How to make your own accurate thermometer?

You could try to make an accurate experimental thermometer by glueing two strips of dissimilar metals together along their lengths. Perhaps try copper and steel or copper and aluminum or steel and aluminum.  Try perhaps one half inch wide by six inch long strips.  Use sheets of metal that are equally thin.  Perhaps cut the strips from aluminum soda cans and steel soup cans, etc.  Use a magnet to check for steel vs aluminum.  Glue the strips together using epoxy or super glue.  Attach one end of the combined strip to a firm base and leave one end free to move in front of a paper scale.  
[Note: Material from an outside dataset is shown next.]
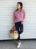 earthショップスタッフです! 着痩せコーデが得意なので、基本はゆったりシルエットや重ね着スタイルが多いです💫 大人可愛いを目指して頑張ります! 宜しくお願いします♡

You now have a bimetalic thermometer.  The thermometer can be made to be more sensitive by using greater length strips and bending the strips into a spiral and attaching a pointer to the free end of the spiral to amplify movement.  This is how most oven thermometers are built except the metals are joined without glue.  The principal of operation of a bimetalic thermometer is that one  metal expands or contracts more or less than another metal.  

When joined, a temperature change causes the combined strip to bend.  You can calibrate your thermometer by marking its "pointer" position at two or more large temperature changes then calculating the total deflection divided by the total temperature difference to get deflection per degree (either F or C).  Be careful with tin snips and epoxy or super glue.  Good luck.
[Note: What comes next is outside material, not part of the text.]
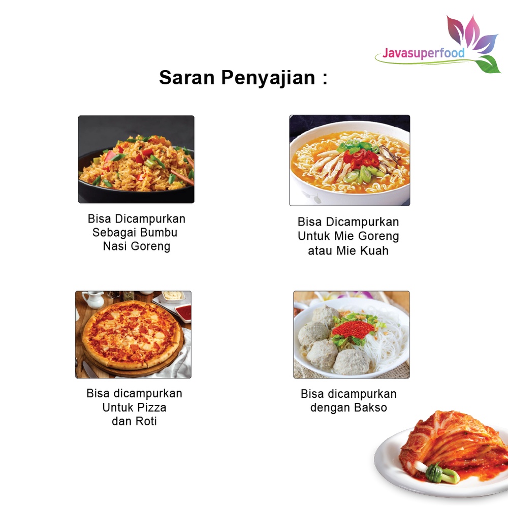Komposisi : Maltodekstrine, Gula, Cabe Bubuk (13,8%), Perisa alami Kimchi (13.6%), Penguat rasa mononatrium L-Glutamat, Bawang Putih Bubuk (7%), Bawang Bombay Bubuk (6%), Ikan Teri Bubuk, Udang Bubuk, Pengatur keasaman asam sitrat, Jahe Bubuk. Mengandung pengawet sulfit. Mengandung alergen, lihat daftar yang dicetak tebal.

As an alternative, you can make a highly accurate experimental thermometer by winding very thin insulated copper wire (like that used in toy motors) around a wooden spool and connecting the scraped   wire ends to an accurate ohmmeter to measure resistance change vs temperature change.  

Calibrate as before but remember that calibration temperatures must be steady long enough for any lag to catch up.  This is called a resistance thermometer and accuracy will depend on the length and thinness of wire and sensitivity of your ohmmeter.  Also the ohmmeter should not cause enough current to flow in the wire to heat the wire.  Observe for drift (increase in resistance and temperature) while taking measurements.